- [Directions] Copy exactly, and only, the lines from the line containing "Title (ebay affiliate" through the last line of the records below, both included, and leave out any pictures.

- [Record excerpts]

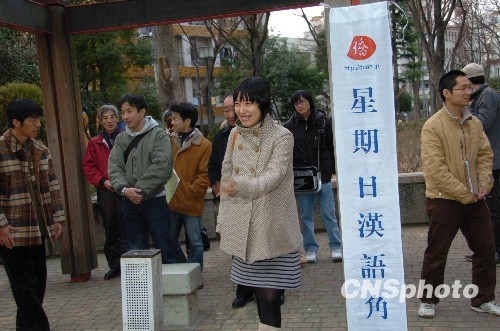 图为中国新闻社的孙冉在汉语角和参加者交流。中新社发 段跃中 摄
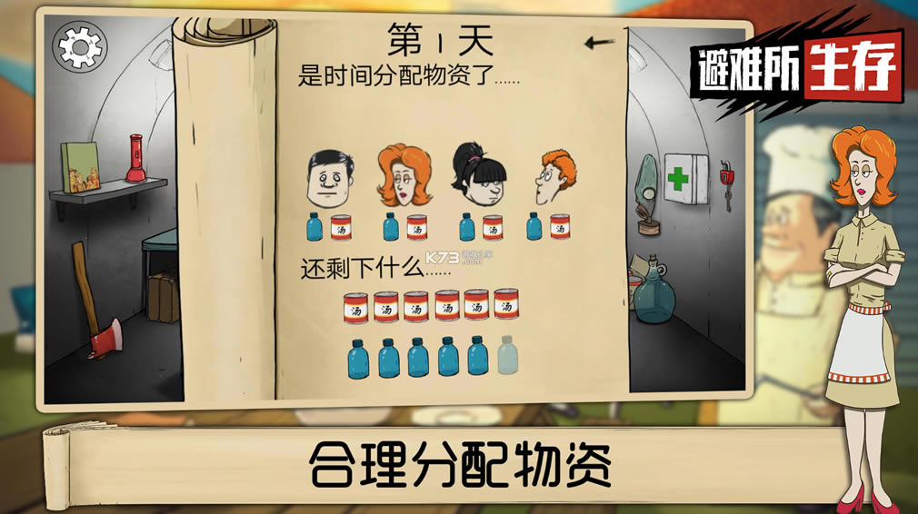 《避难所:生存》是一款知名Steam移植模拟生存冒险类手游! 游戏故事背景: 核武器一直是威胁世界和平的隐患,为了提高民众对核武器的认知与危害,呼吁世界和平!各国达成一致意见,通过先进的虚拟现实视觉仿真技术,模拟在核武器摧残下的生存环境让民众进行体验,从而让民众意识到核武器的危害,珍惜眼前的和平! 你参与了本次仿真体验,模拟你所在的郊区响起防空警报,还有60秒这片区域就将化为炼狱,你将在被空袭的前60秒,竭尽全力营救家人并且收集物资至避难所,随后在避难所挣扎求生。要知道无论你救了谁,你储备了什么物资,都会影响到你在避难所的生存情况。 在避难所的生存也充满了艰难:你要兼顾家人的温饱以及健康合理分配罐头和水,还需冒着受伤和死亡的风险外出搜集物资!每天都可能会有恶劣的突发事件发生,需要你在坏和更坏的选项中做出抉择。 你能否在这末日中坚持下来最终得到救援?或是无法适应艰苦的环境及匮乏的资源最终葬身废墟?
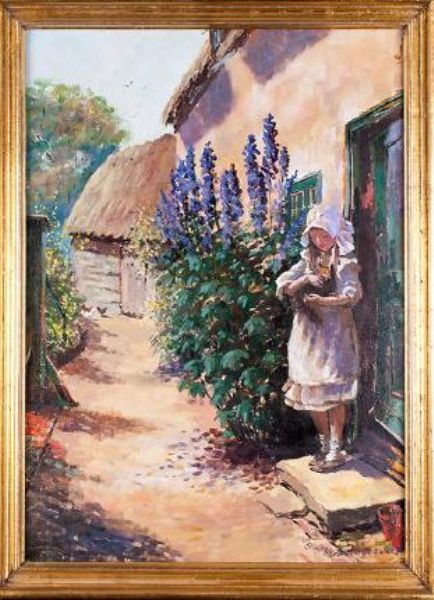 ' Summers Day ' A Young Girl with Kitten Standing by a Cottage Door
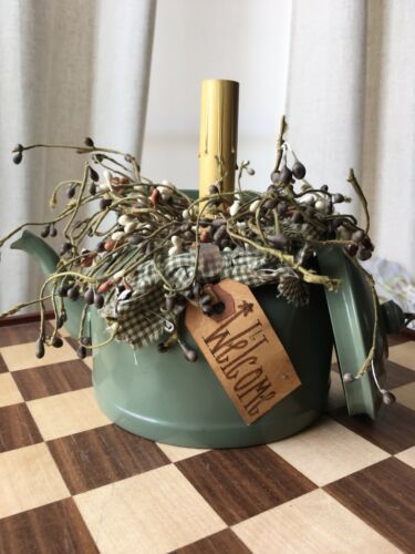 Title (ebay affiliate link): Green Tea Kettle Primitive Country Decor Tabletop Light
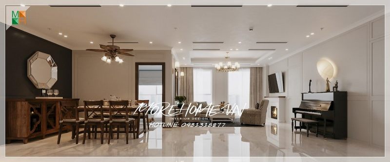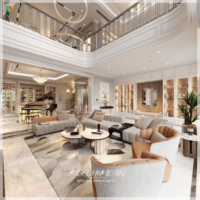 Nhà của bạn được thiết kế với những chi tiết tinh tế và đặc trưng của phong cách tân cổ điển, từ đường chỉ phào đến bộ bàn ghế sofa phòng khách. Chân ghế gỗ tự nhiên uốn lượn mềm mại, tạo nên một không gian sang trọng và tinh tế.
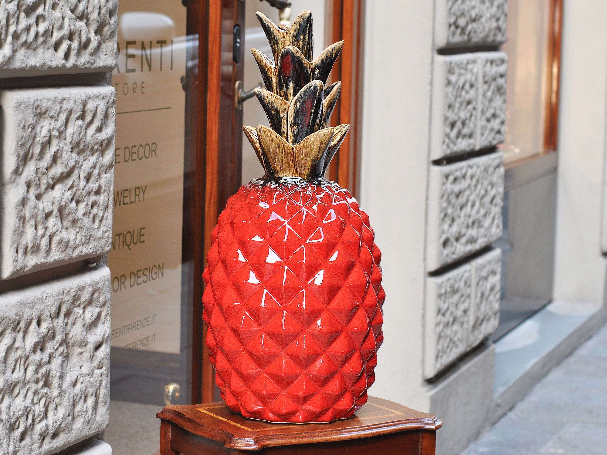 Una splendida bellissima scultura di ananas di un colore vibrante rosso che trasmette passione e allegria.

- [Answer box]
 Title (ebay affiliate link): Green Tea Kettle Primitive Country Decor Tabletop Light
 Nhà của bạn được thiết kế với những chi tiết tinh tế và đặc trưng của phong cách tân cổ điển, từ đường chỉ phào đến bộ bàn ghế sofa phòng khách. Chân ghế gỗ tự nhiên uốn lượn mềm mại, tạo nên một không gian sang trọng và tinh tế.
 Una splendida bellissima scultura di ananas di un colore vibrante rosso che trasmette passione e allegria.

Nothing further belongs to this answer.